Als we aan creativiteit willen werken in het onderwijs, dan moeten we zowel sleutelen aan externe factoren als aan onze manier waarop wij de leerlingen in hun creativiteitsontplooiing stap voor stap gestalte helpen geven. ‘Stap voor stap’ is natuurlijk een gevaarlijke uitdrukking in creatief onderwijs, omdat een creatieve mens nu net bokkensprongen moet kunnen maken bij een uitdaging, een nieuwe vraag of een ongewoon probleem(pje). ‘Stap voor stap’ heeft in het kader van creatief onderwijs wel een andere betekenis. Men kan creativiteit niet in één ruk installeren in de leerling. Wij willen hier beklemtonen dat creativiteit vormbaar is.

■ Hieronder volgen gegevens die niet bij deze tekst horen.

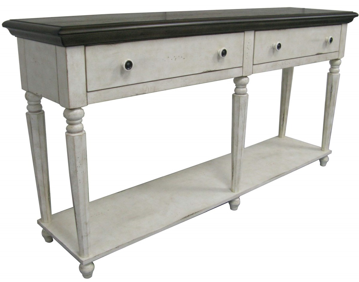 The TEI Vintage Estates Antique White/Dark Knotty Oak Sofa Table brings timeless charm and character to any space. Featuring an antique finish with contrasting white and dark knotty surfaces, this piece offers robust construction and refined details, perfect for a classic, inviting living area.Read More
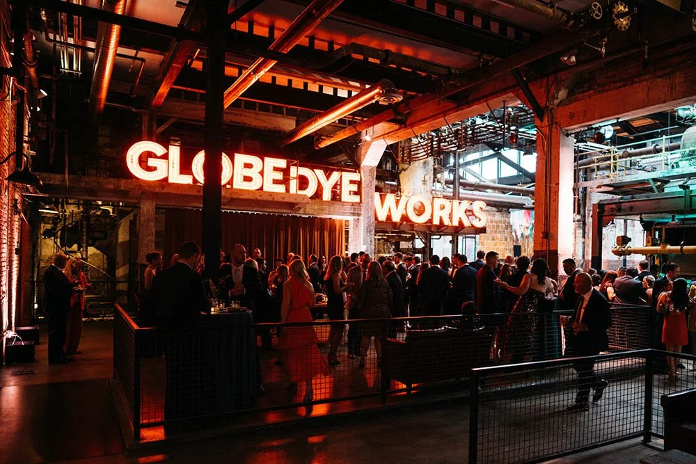 Description: Once a 19th-century yarn-dyeing factory, Globe Dye Works has been reborn as an industrial-chic venue that truly embodies its motto: “Where Art Meets Industry.” The Boiler Room features soaring 35-foot ceilings, relics of the old factory, and 12,000 square feet of raw space for weddings, art shows, and more. With brick walls, steel beams, and a thriving community of artists and makers, the building feels alive with creativity. Photographing weddings here is like stepping into a living canvas—light and shadow dance across the textures, and every couple gets to carve their own story in a space once built for making things. It’s edgy, authentic, and perfect for celebrations as bold as the building itself.

De eerste hefboom in het methodische verhaal rond creativiteit in de klas is de exploratiedrang. Creatieve opgaven moeten voldoende uitnodigen tot het wakker maken van ons zintuiglijk vermogen: “Kijk wat er staat, word wakker, word gevoelig, gebruik al je zintuigen, voel aan, stel je open voor alle zintuiglijke prikkels. Durf herbevragen wat evident is.”